In their complaint, as further explained in their responsive briefs, plaintiffs are claiming generally that the Pension Board denied them their disability retirement pensions in violation of the ERISA statute. Plaintiffs argue that the Board breached its ERISA-based fiduciary duty by denying their applications for different reasons, even though they both executed the same form letter acknowledging the termination of employment for all purposes. Plaintiffs also claim that, because they were both disabled well before the plant closing, their disability pension rights were vested and, therefore, protected by ERISA's nonforfeiture provisions.

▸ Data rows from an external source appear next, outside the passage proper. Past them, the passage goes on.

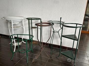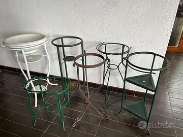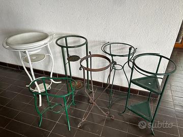 I pezzi mostrati sono sei porta-piante (o supporti per vasi), prevalentemente in metallo (ferro battuto o tubolare), in stile vintage o rustico.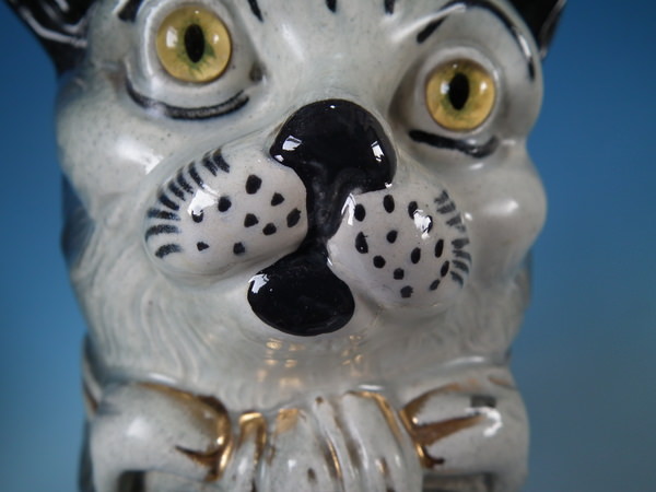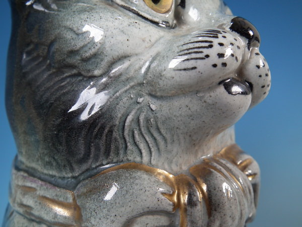 KILN EFFECTS: a few specks of kiln detritus caught in the glaze to the cat's face;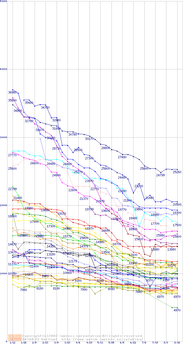 Slot 1・FSB 100MHzの最安値推移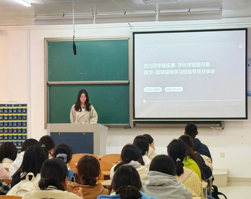 为深入贯彻落实“我为同学做实事”的服务宗旨,助力大一新生更好地适应大学学习节奏,掌握科学学习方法,yl6809永利官网集团学生会于2025年11月11日下午成功举办了“学长学姐面对面——数学+朋辈辅导学习经验专场分享会”。活动分设“数学师范”与“统计”两个专场,邀请了多位在学业、竞赛、科研等方面表现优异的学长学姐进行经验分享与答疑,现场气氛热烈,同学们收获颇丰。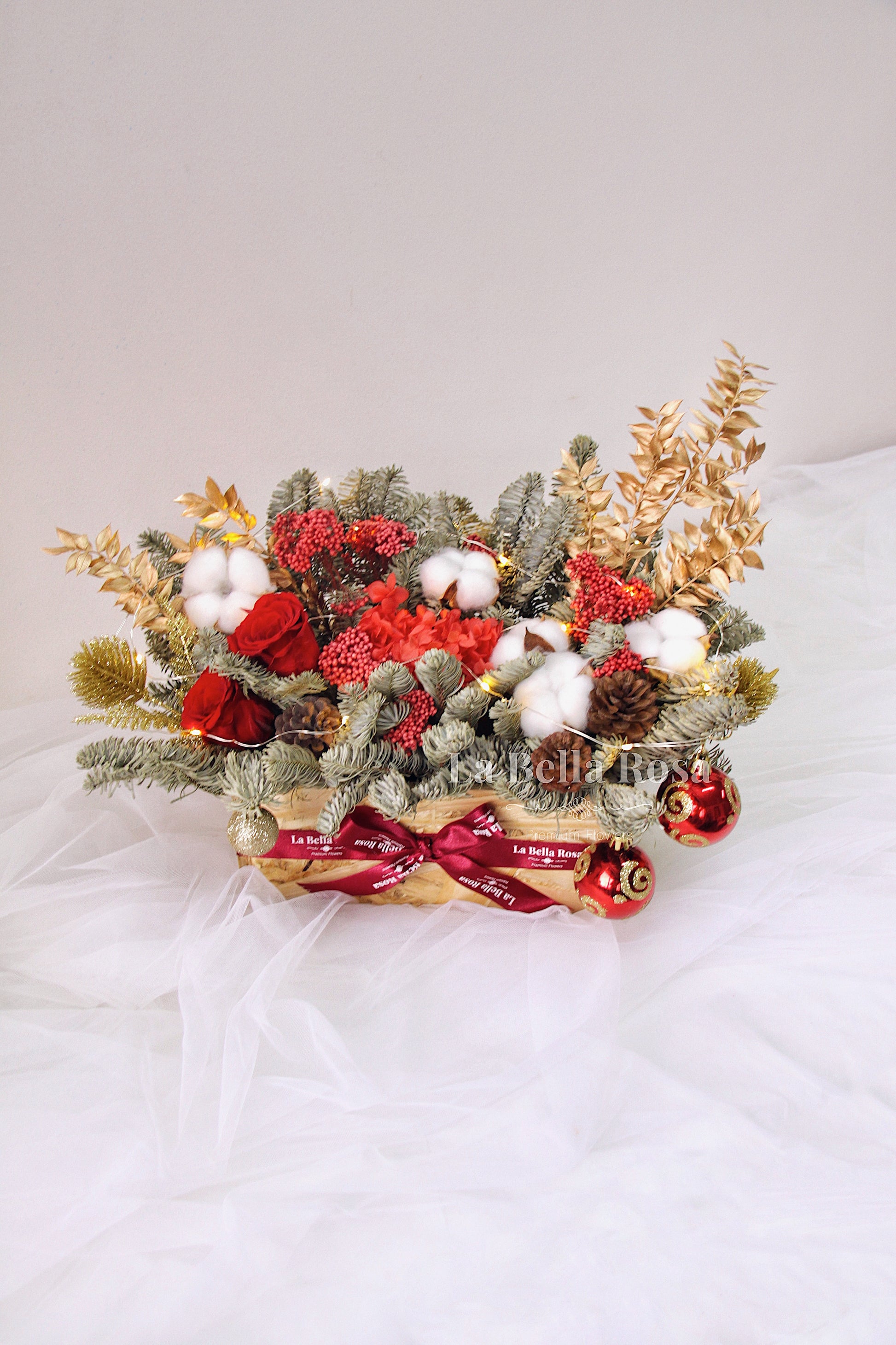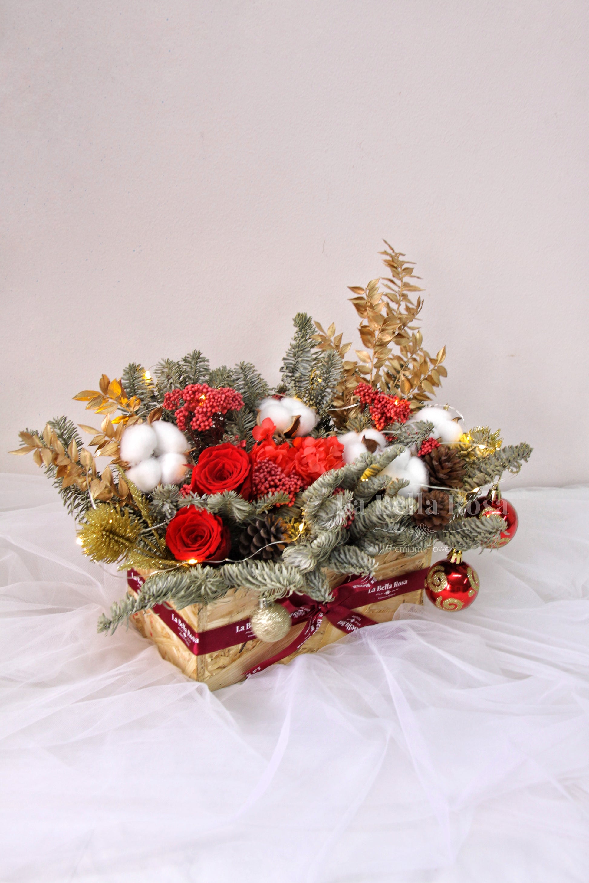 Santa's Box Centerpiece features premium dried and preserved flowers embraced with real pine branches and Christmas ball ornaments.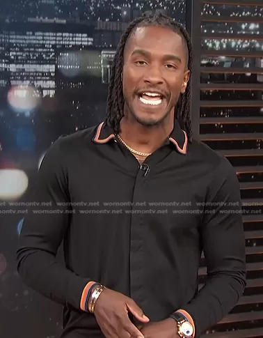 Scott Evans on Access Hollywood on NBC was spotted wearing this black striped trim shirt on Access Hollywood on Mar 10 2022's episode. Scott's Shirt is the Rainbow Striped Trim Shirt by Paul Smith.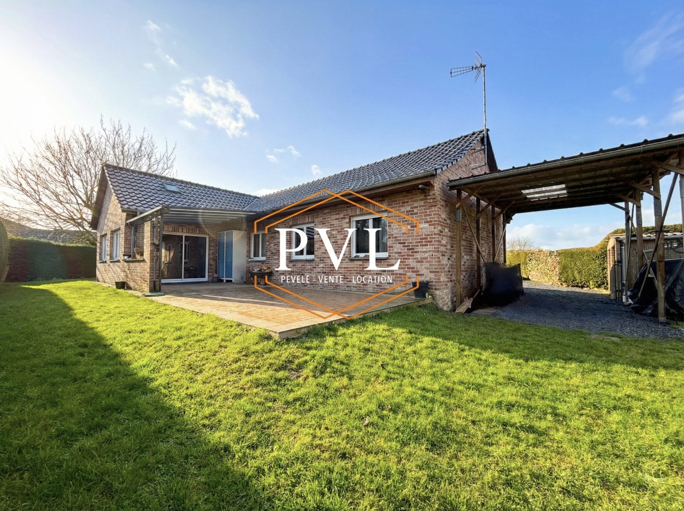 Pévèle Vente Location vous présente cette maison de plain-pied individuelle avec un superbe jardin arboré, dans un cadre verdoyant et agréable.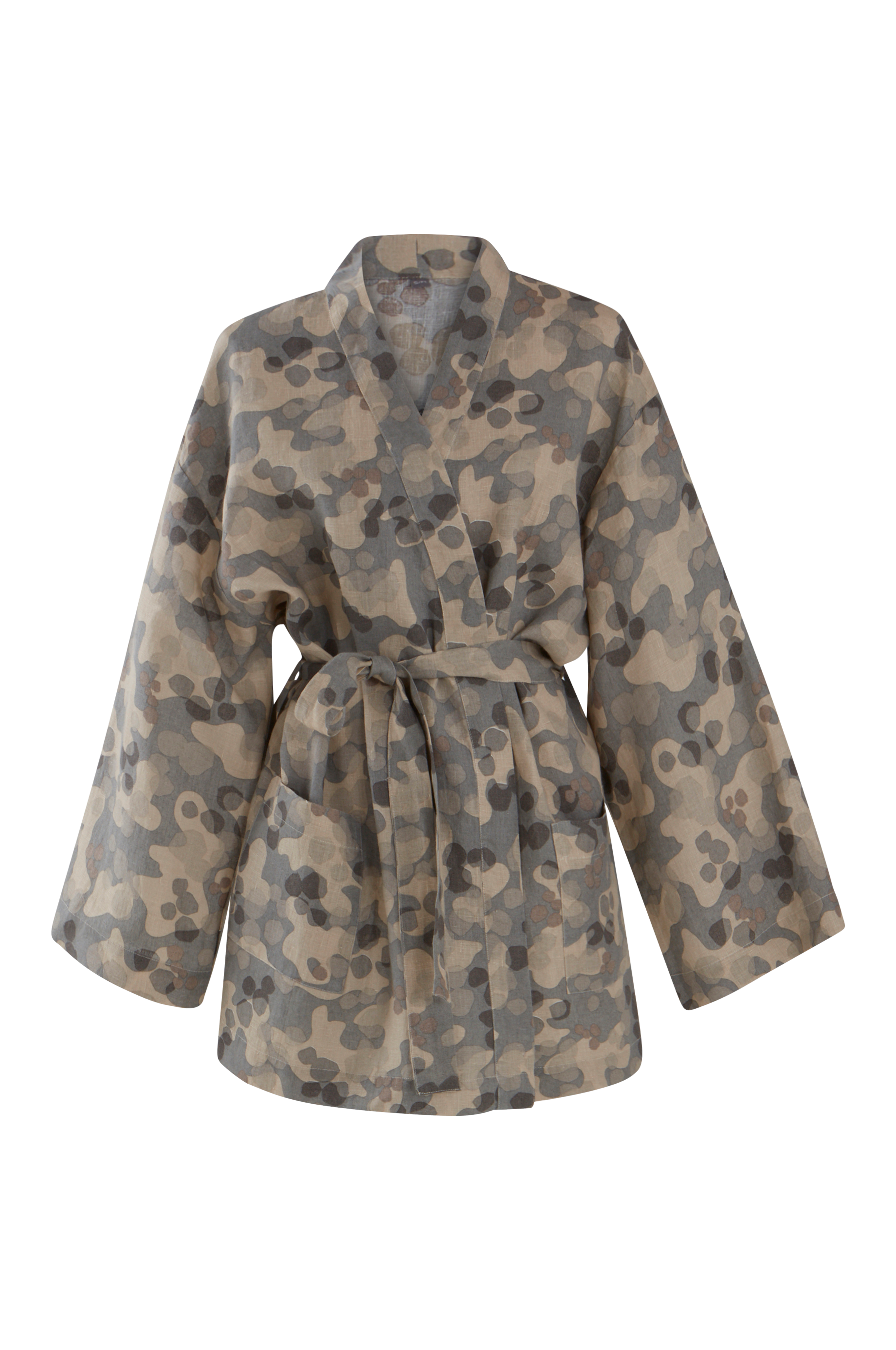 Kimono i kort modell av naturligt och behagligt linne med tryckt mönster som designats av Maria Carlberg. Den sköna linnekvalitén har tvättats för att bli härligt mjuk och skön. Mysig modell knytskärp i midjan och två framfickor.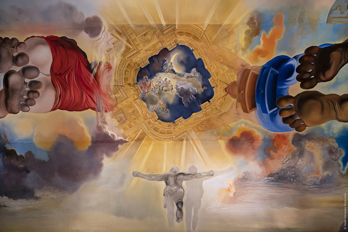 "Plafond Central du Toit du Palais du Vent". Il s'agit d'une peinture que Dalí exécuta dans son atelier de Port Lligat, même s'il l'achèvera sur un énorme échafaudage après que les cinq toiles aient été placées au plafond. Cette œuvre de près de six mètres de long représente Salvador Dalí et sa muse Gala dans une perspective originale. Elle fait référence à la Tramontane et aux étapes majeures de la vie du maître. C'est dans cette salle, salon de repos de l'ancien Théâtre Municipal de Figueras, que, pour la première fois, Dalí avait exposé ses travaux en 1919. Il explique que cette œuvre est un paradoxe, que lorsque le visiteur regarde vers le haut, il ne voit que des nuages, mais qu'en réalité c'est un coup d'effet théâtral car, au lieu du ciel on voit la terre, et au lieu de la terre, on voit la mer. Dans la partie centrale, un raccourci de Gala et Dalí qui versent une pluie d'or sur Figueras et l'Ampourdan.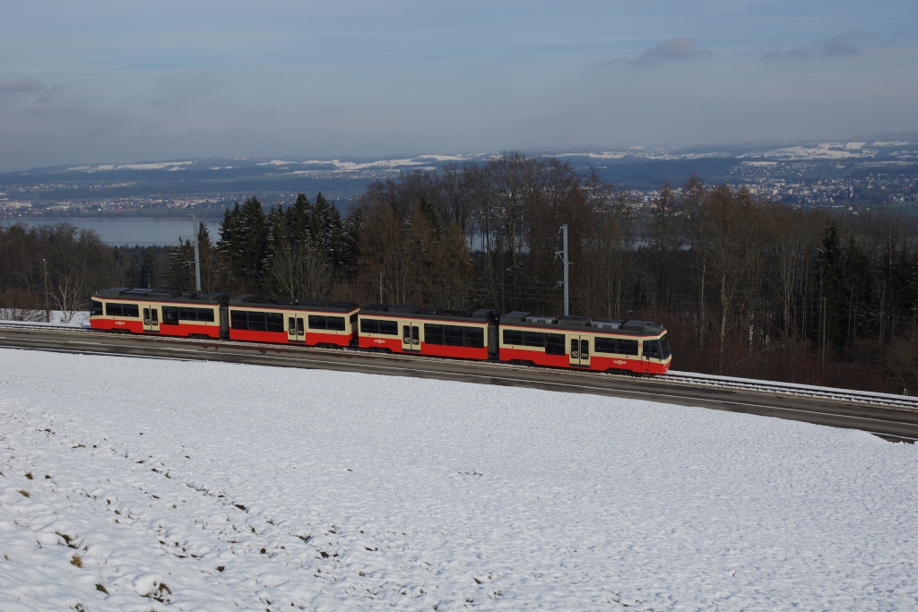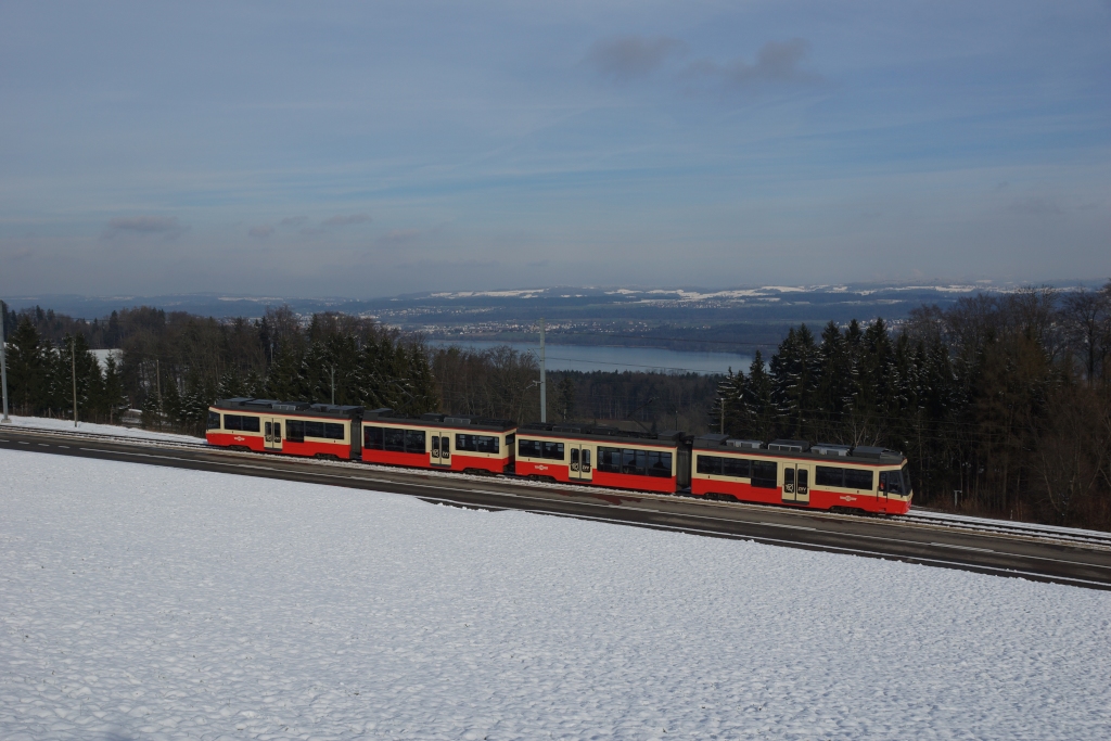 Be 4/6 67 und Be 4/6 66 fahren am 12.01.2013 von Forch Richtung Esslingen, aufgenommen unterhalb von Scheuren.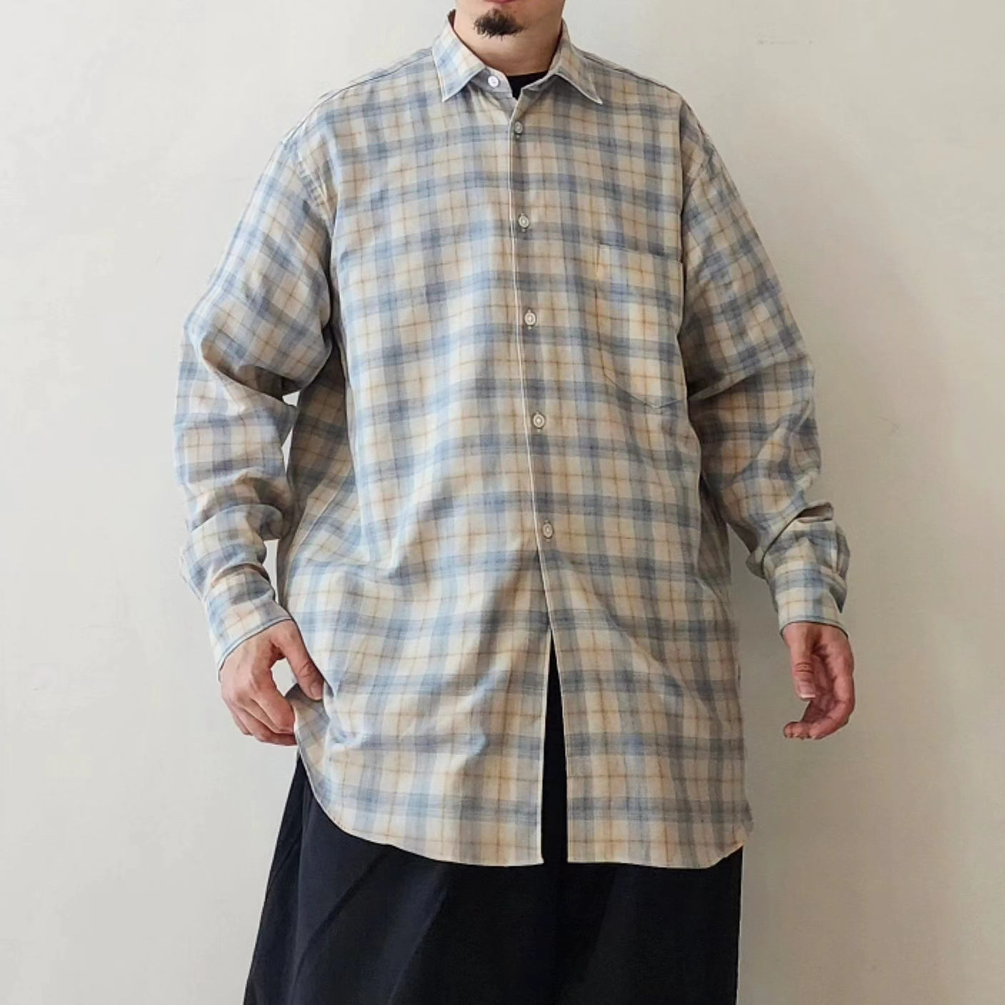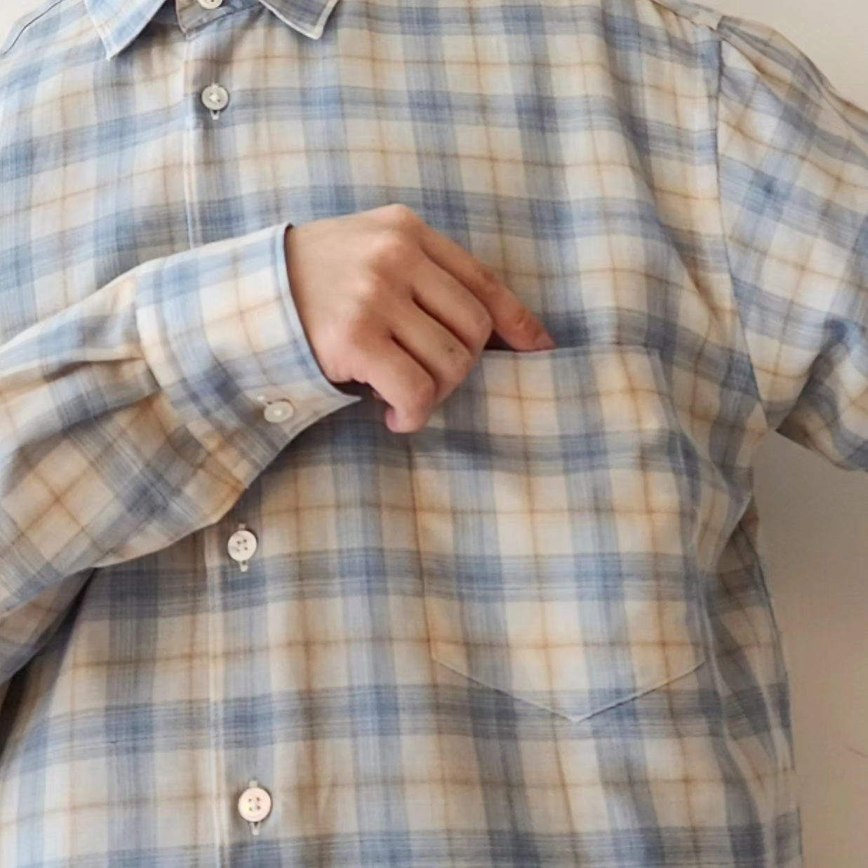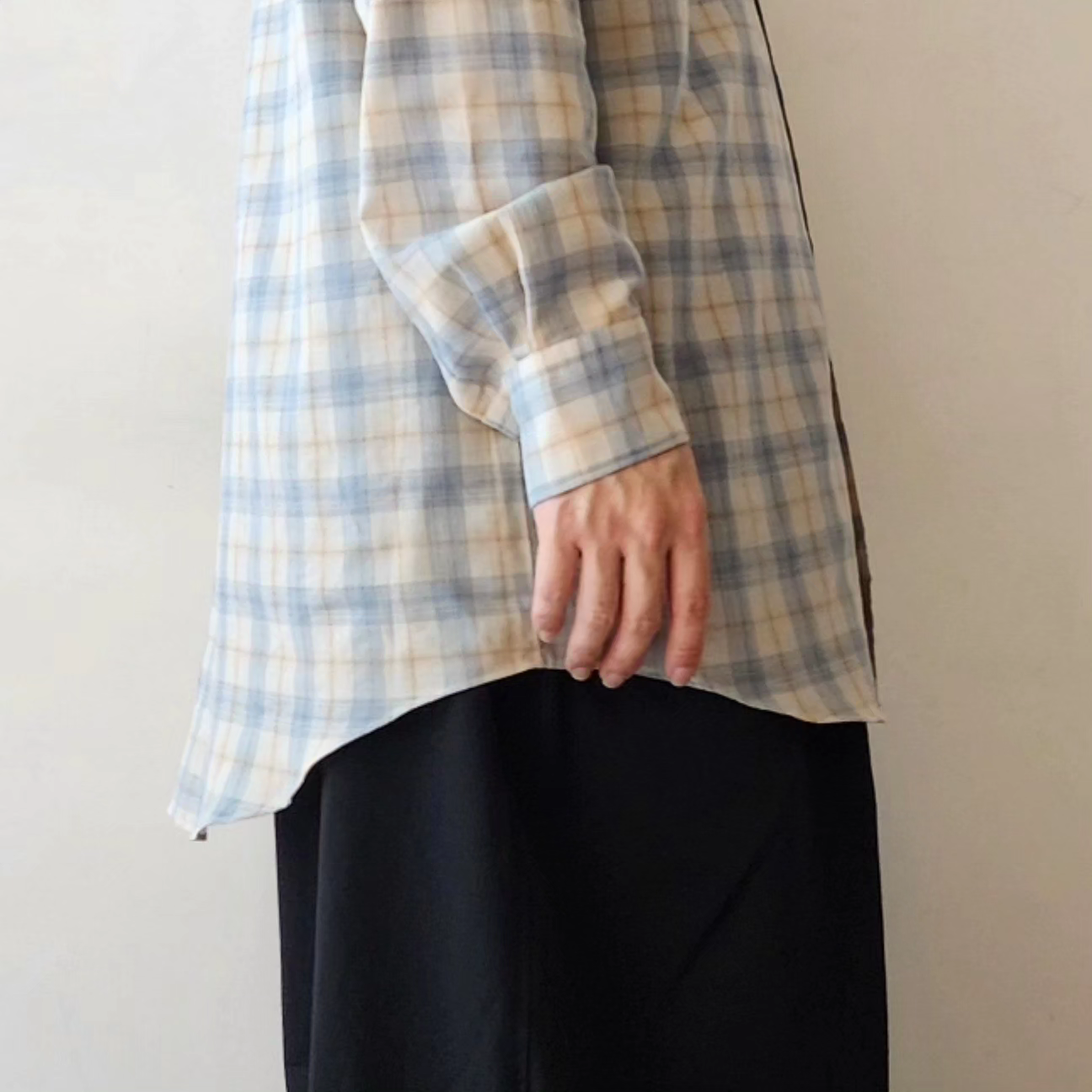A check fabric made by combining Supima cotton and wool. It has a soft feel like wool, but the surface texture is well-balanced, and it is a supple material that is easy to remove from the skin. It is almost not see-through, but it is light and has a beautiful drape.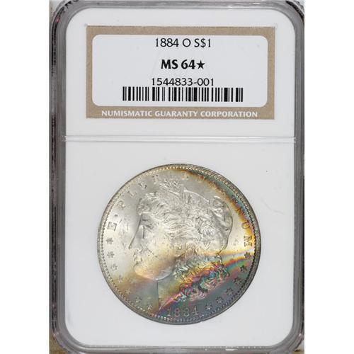 <B>1884-O $1 MS64<img border='0' src='http://www.heritagecoins.com/images/star.gif' width=10 height=10> NGC.</B></I> NGC Census: (56091/14006). PCGS Population (42355/11106). Mintage: 9,730,000. Numismedia Wsl. Price: $46. (#7154)<BR><BR><b>Shipping:</b> Coins & Currency (<a target="_blank" href="http://www.heritageauctions.com/common/shipping.php">view shipping information</a>)

In their motion for summary judgment, the Pension Board and Company claim variously that plaintiffs have failed to exhaust their administrative remedies. In the alternative, defendants assert that they are entitled to a judgment on the merits as to each of the claims asserted in this suit by the plaintiffs. Based on a thorough reading of the parties' arguments and the applicable law, the Court will resolve the present motion by an analysis of defendants' claims that plaintiffs failed to exhaust their administrative remedies.

A. Exhaustion of Collective-Bargaining Agreement's Arbitration-Grievance Procedure

Defendants, in moving for summary judgment, argue that plaintiffs' suit is barred as a result of their failure to exhaust the grievance-arbitration procedure as spelled out in the Collective Bargaining Agreement (the "CBA"). The CBA, entered into by the union representing all hourly employees at the Brunswick plant and the Company, called for the Company to provide a pension plan for all employees. Additionally, Articles 6 and 7 of the CBA provided for a grievance-arbitration process to settle all disputes arising between employees and the Company. Based on these provisions, defendants assert that plaintiffs' pension claims in this suit amount to a dispute between the Company and plaintiffs within the meaning of Articles 6 and 7 of the CBA and, therefore, are subject to the mandatory grievance-arbitration procedure contained in the CBA.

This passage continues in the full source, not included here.